The first is a “java.net.ConnectException: Connection timed out”:
java.io.IOException: com.jcraft.jsch.JSchException: java.net.ConnectException: Connection timed out (Connection timed out) at io.cdap.cdap.common.ssh.DefaultSSHSession.<init>(DefaultSSHSession.java:82) ~[na:na] at io.cdap.cdap.internal.app.runtime.distributed.remote.RemoteExecutionTwillPreparer.lambda$start$0(RemoteExecutionTwillPreparer.java:429) ~[na:na] at io.cdap.cdap.internal.app.runtime.distributed.remote.RemoteExecutionTwillRunnerService$ControllerFactory.lambda$create$0(RemoteExecutionTwillRunnerService.java:519) ~[na:na] at java.util.concurrent.Executors$RunnableAdapter.call(Executors.java:511) ~[na:1.8.0_212] at java.util.concurrent.FutureTask.run(FutureTask.java:266) ~[na:1.8.0_212] at java.util.concurrent.ThreadPoolExecutor.runWorker(ThreadPoolExecutor.java:1149) ~[na:1.8.0_212] at java.util.concurrent.ThreadPoolExecutor$Worker.run(ThreadPoolExecutor.java:624) ~[na:1.8.0_212] at java.lang.Thread.run(Thread.java:748) ~[na:1.8.0_212]
The second is an “Auth fail”:
java.io.IOException: com.jcraft.jsch.JSchException: Auth fail at io.cdap.cdap.common.ssh.DefaultSSHSession.<init>(DefaultSSHSession.java:82) ~[na:na] at io.cdap.cdap.internal.app.runtime.distributed.remote.RemoteExecutionTwillPreparer.lambda$start$0(RemoteExecutionTwillPreparer.java:429) ~[na:na] at io.cdap.cdap.internal.app.runtime.distributed.remote.RemoteExecutionTwillRunnerService$ControllerFactory.lambda$create$0(RemoteExecutionTwillRunnerService.java:519) ~[na:na] at java.util.concurrent.Executors$RunnableAdapter.call(Executors.java:511) ~[na:1.8.0_212] at java.util.concurrent.FutureTask.run(FutureTask.java:266) ~[na:1.8.0_212] at java.util.concurrent.ThreadPoolExecutor.runWorker(ThreadPoolExecutor.java:1149) ~[na:1.8.0_212] at java.util.concurrent.ThreadPoolExecutor$Worker.run(ThreadPoolExecutor.java:624) ~[na:1.8.0_212] at java.lang.Thread.run(Thread.java:748) ~[na:1.8.0_212] Caused by: com.jcraft.jsch.JSchException: Auth fail at com.jcraft.jsch.Session.connect(Session.java:519) ~[com.jcraft.jsch-0.1.54.jar:na] at com.jcraft.jsch.Session.connect(Session.java:183) ~[com.jcraft.jsch-0.1.54.jar:na] at io.cdap.cdap.common.ssh.DefaultSSHSession.<init>(DefaultSSHSession.java:79) ~[na:na] ... 7 common frames omitted
Solution
For the case where the error message contains “Auth fail”, this is likely a known and already-resolved issue, where OSLogin is enabled in the customer’s project: CDAP-15369. If this error is being encountered, that likely means that the Data Fusion instance does not have the fix for this bug.

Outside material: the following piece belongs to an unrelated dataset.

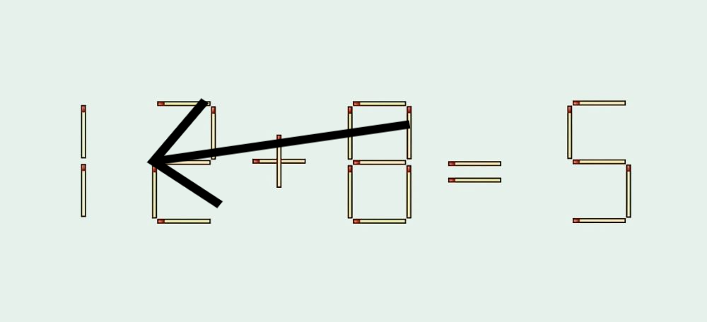 …Итак, немного пофилософствовали для создания определенного настроя, а задание для любителей головоломок сегодня такое. Дано неверно решенное равенство: 12+8=5. Как всегда, следует найти ту единственную спичку и то место для нее, чтобы равенство стало верным.
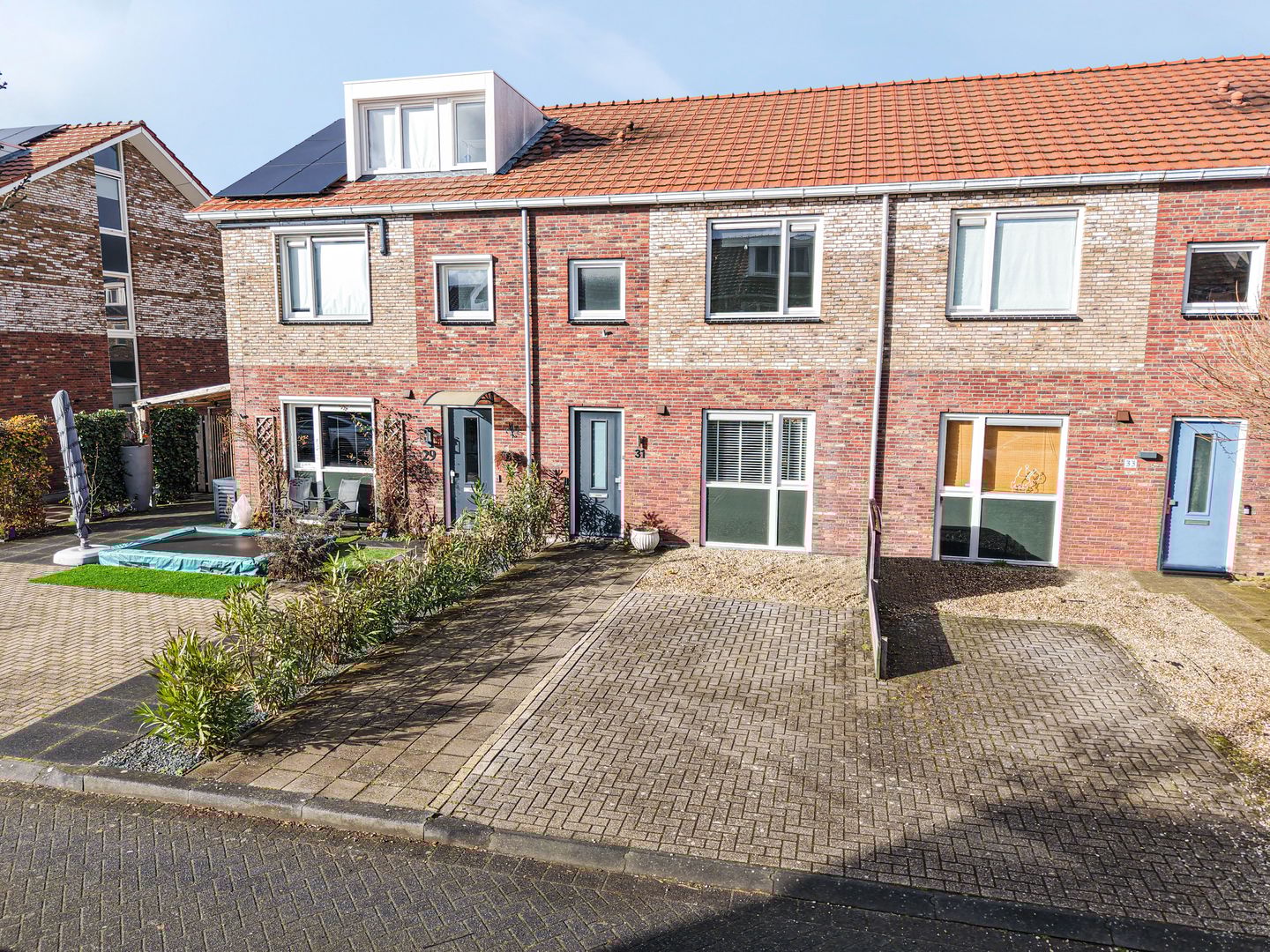 De onderhoudsvrij aangelegde achtertuin beschikt over een houten fietsenberging met overkapping. Aan de voorzijde is parkeergelegenheid voor twee auto’s op eigen terrein, comfortabel en praktisch.

Instances created after May 23rd, 2019 would have the fix. The resolution would be to create a new instance.
For the case where the error message contains “java.net.ConnectException: Connection timed out”, this likely means that the firewall rules in the customer’s project do not allow ingress connections on port 22. As documented on the public Data Fusion docs page, new projects start with a default network. The default network is pre-populated with a firewall rule, default-allow-ssh, that allows ingress connections on TCP port 22 from any source to any instance in the network. If such a rule doesn't exist in the network used by your Cloud Data Fusion instance, you need to create such a rule.